Все рассмеялись. Кипятков предложил:

– Может, возьмем бутылку, да позавтракаем?

– Бутылку тебе, – Палыч выбросил окурок, – «Буратино» пей, токсикоман угарный. Но я – за предложение!

Яреев взглянул на часы и сказал:

– Уже десятый час. Раньше десяти нас не отпустят. Пока соберемся – будет одиннадцать. Употреблять будем часа два… Нет, вы – выходные, а нам сегодня еще работать. Да и Андрюша – непьющий.

Андрюша (он же – Алмазов, он же – Исаак Ааронович, он же – Израиль Моисеевич и так далее) поинтересовался:

– Сколько вы пить можете? Тут устал после ночи, как собака, ноги еле держат.

– Ты бы с нами лакал потихоньку и крепче б спал. А когда крепко спишь – лучше отдыхаешь, – заметил Палыч.

Алмазову, как и всем присутствовавшим, было лет тридцать пять. Роста он был среднего, тело имел пухлое и обладал, ко всему прочему, небольшим животиком.

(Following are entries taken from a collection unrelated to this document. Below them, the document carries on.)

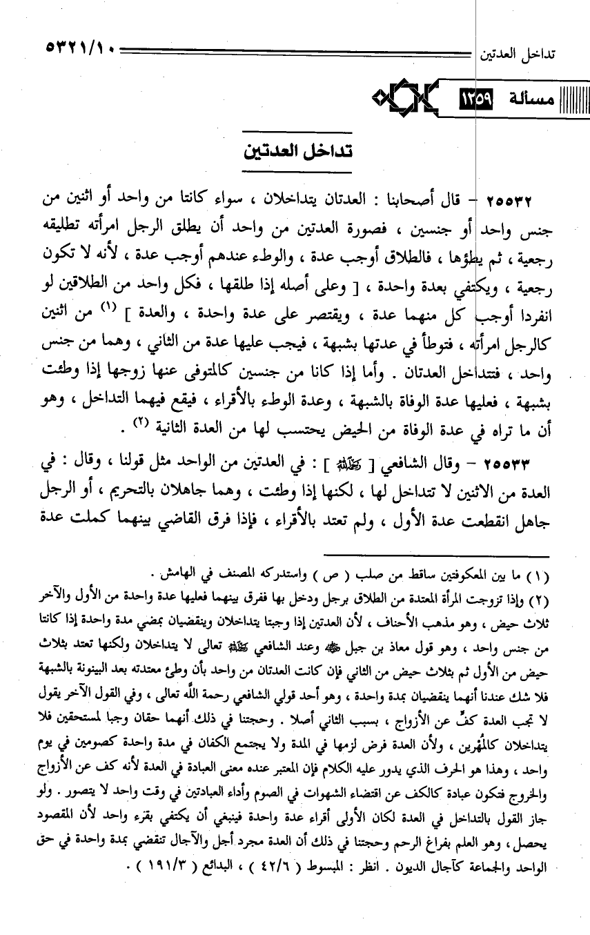 25532 - قال أصحابنا: العدتان يتداخلان، سواء كانتا من واحد أو اثنين من جنس واحد أو جنسين، فصورة العدتين من واحد أن يطلق الرجل امرأته تطليقة رجعية، ثم يطؤها، فالطلاق أوجب عدة، والوطء عندهم أوجب عدة، لأنه لا تكون رجعية، ويكتفى بعدة واحدة، [وعلى أصله إذا طلقها، فكل واحد من الطلاقين لو انفردا أوجب كل منهما عدة، ويقتصر على عدة واحدة، والعدة] من اثنين كالرجل امرأته، فتوطأ في عدتها بشبهة، فيجب عليها عدة من الثاني، وهما من جنس واحد، فتتداخل العدتان. وأما إذا كانا من جنسين كالمتوفى عنها زوجها إذا وطئت بشبهة، فعليها عدة الوفاة بالشبهة، وعدة الوطء بالأقراء، فيقع فيهما التداخل، وهو أن ما تراه في عدة الوفاة من الحيض يحتسب لها من العدة الثانية.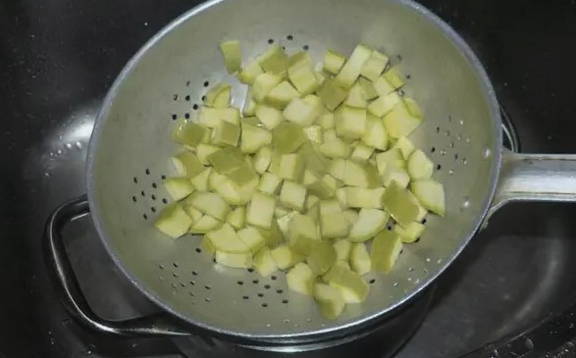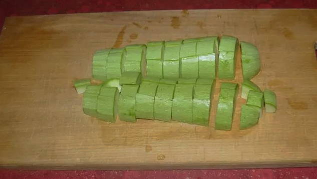 - Snijd de jonge courgette in middelgrote blokjes.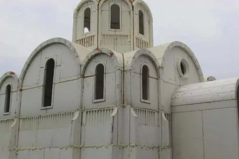 В Херсоне построили храм из пенополистирола. Строительство продолжалось в течение нескольких часов. В епархии объясняют, что это новая технология - после сбора самой пенопластовой конструкции ее укрепят и покроют твердой цементной оболочкой.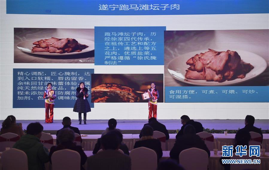 1月8日,参展商在年货节现场推介产品。 当日,在成都举办的第24届四川新春年货购物节上,来自四川各地的扶贫农产品吸引众多市民选购。 新华社记者 刘坤 摄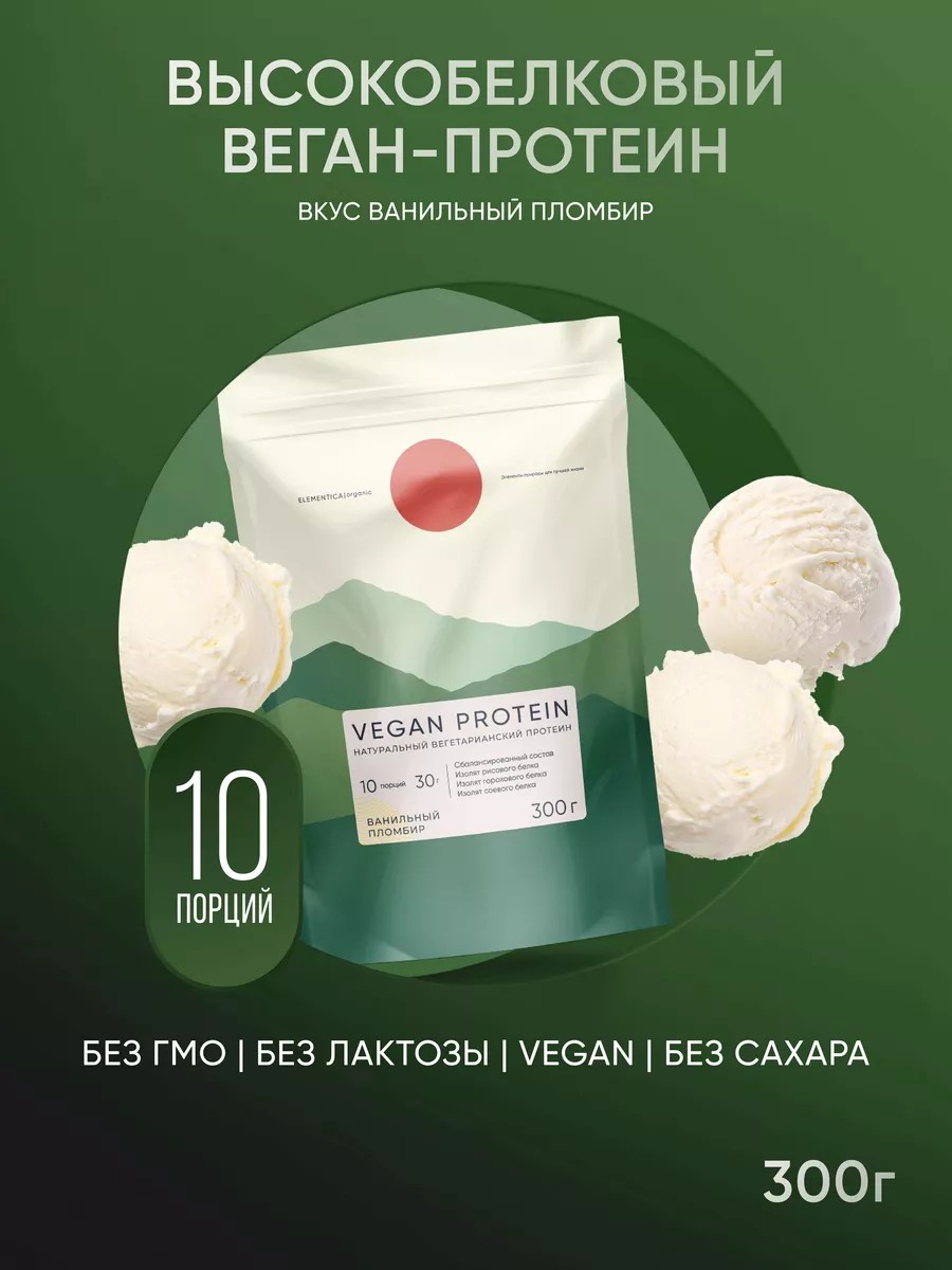 ELEMENTICA ORGANIC Растительный веганский протеин, ванильный пломбир, 300 г

Волосы кудрявились над его высоким морщинистым лбом, под которым располагались два больших, хитро прищуренных глаза и породистый горбатый нос. Короче – не хватало только пейсов. За это во взводе его иной раз обзывали раввином и интересовались курсом библейских серебренников по отношению к современному доллару.

Дело в том, что основной способностью Андрюши было умение чувствовать подлинность денежных купюр чуть ли не на подсознательном уровне. Без всяких приборов он определял – фальшивая бумажка или нет. Не раз проводили эксперименты, подсовывая ему затертые купюры различных стран. Андрюша брал их в руки, вертел в пальцах, закрывал глаза и к чему-то прислушивался. Через минуту вердикт был готов. Ошибок не происходило. Правда, это касалось рублей, долларов, фунтов и прочих, более или менее приличных денег, включая йены.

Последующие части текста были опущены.